WASHINGTON – An influential Senate committee called leading players in the broadcast industry to a hearing on Capitol Hill Tuesday in a quest for answers about the escalating fees and blackouts plaguing TV viewers across the country.
Sen. Jay Rockefeller, D-WV, chairman of the Senate Committee on Commerce, Science and Transportation, said the 20-year-old Cable Television and Consumer Protection Act no longer encourages competition or protects consumers – the law’s original goals.
“Consumers are still forced to purchase larger and larger packages of channels no matter how few they actually watch,” Rockefeller said. “This says to me that the market isn’t working. Real competition should be bringing rates down.”

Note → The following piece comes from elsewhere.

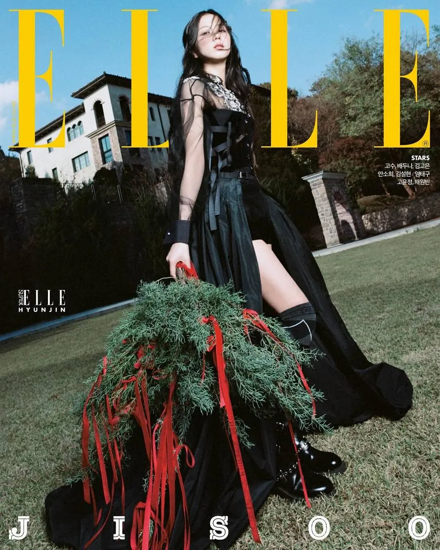 Menjelang akhir tahun, pemotretan Jisoo memanfaatkan potongan pohon cemara berhias pita merah sebagai property yang memberi nuansa Hari Natal.
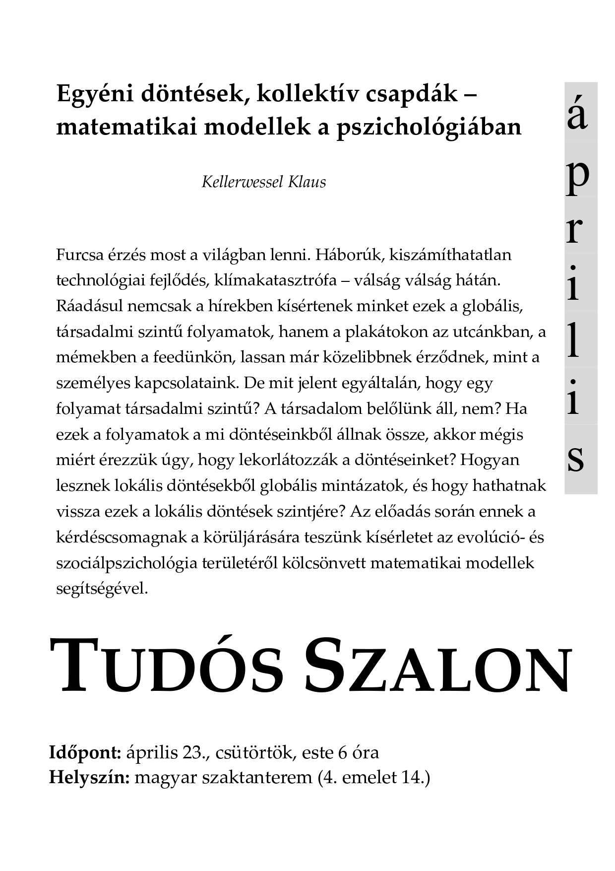 Tudós Szalon - 2026. április 23.

Sen. John Kerry, D-MA, said one of the biggest problems with the Cable Act is the service disruptions that result from standoffs between cable providers and TV stations over retransmission fees.
“I don’t want to see the pulling of signals become a repeatedly used tool for arriving at a dispute resolution,” Kerry said. “I want to shield consumers from unfair treatment or from being pawns in negotiations.”
While Kerry said he does not want to overhaul the existing law, he is in favor of making “moderate tweaks” to retransmission procedures.
Republican Sen. Jim DeMint, R-SC, said tweaks would not be enough. Instead, he said Congress should repeal the 1992 law because competition has resulted in increased options for viewers. “It was a right created out of whole cloth to combat a cable monopoly,” DeMint said.
Colleen Abdoulah, chairwoman of the American Cable Association and CEO of WOW!, also said minor changes would not be enough.
“The 1992 Act lags behind profound technological developments and business innovation,” Abdoulah said. “As a result, outdated laws applied to a rapidly changing marketplace create serious problems for consumers.”
As evidence, Abdoulah said that there have already been 69 blackouts this year – a 35 percent jump from last year.
But not everyone was on board with altering the law. Martin Franks, the executive vice president for planning, policy and government affairs for CBS Corp., said making changes to the retransmission process would have a severe impact on the television industry – particularly the local markets.
“Introducing even more claimants into an already challenging negotiating environment may lead to more disputes, not fewer,” Franks said. “Many smaller players, including small cable operators, will be squeezed out of the business.”
Franks also said CBS’ track record proves the blackout problem has been blown out of proportion. Since CBS split with Viacom more than six years ago, Franks said the company has successfully negotiated close to 100 retransmission agreements without any hiccups in service.
Gordon Smith, CEO of the National Association of Broadcasters, echoed Franks’ sentiments and said that more than 99 percent of the deals between cable providers and TV stations are completed without ever hurting the consumer.
Of the 5,800 cable and satellite television providers in the U.S., Smith said that only three companies – Time Warner Cable, DirecTV and Dish Network Corp. – are responsible for 75 percent of disruptions this year.
“Even after two decades, the retransmission consent system is working just as this committee wisely intended,” Smith said. “Congress in its wisdom has fostered what is unique across the globe – a local broadcasting system that provides local content and community focused programming.”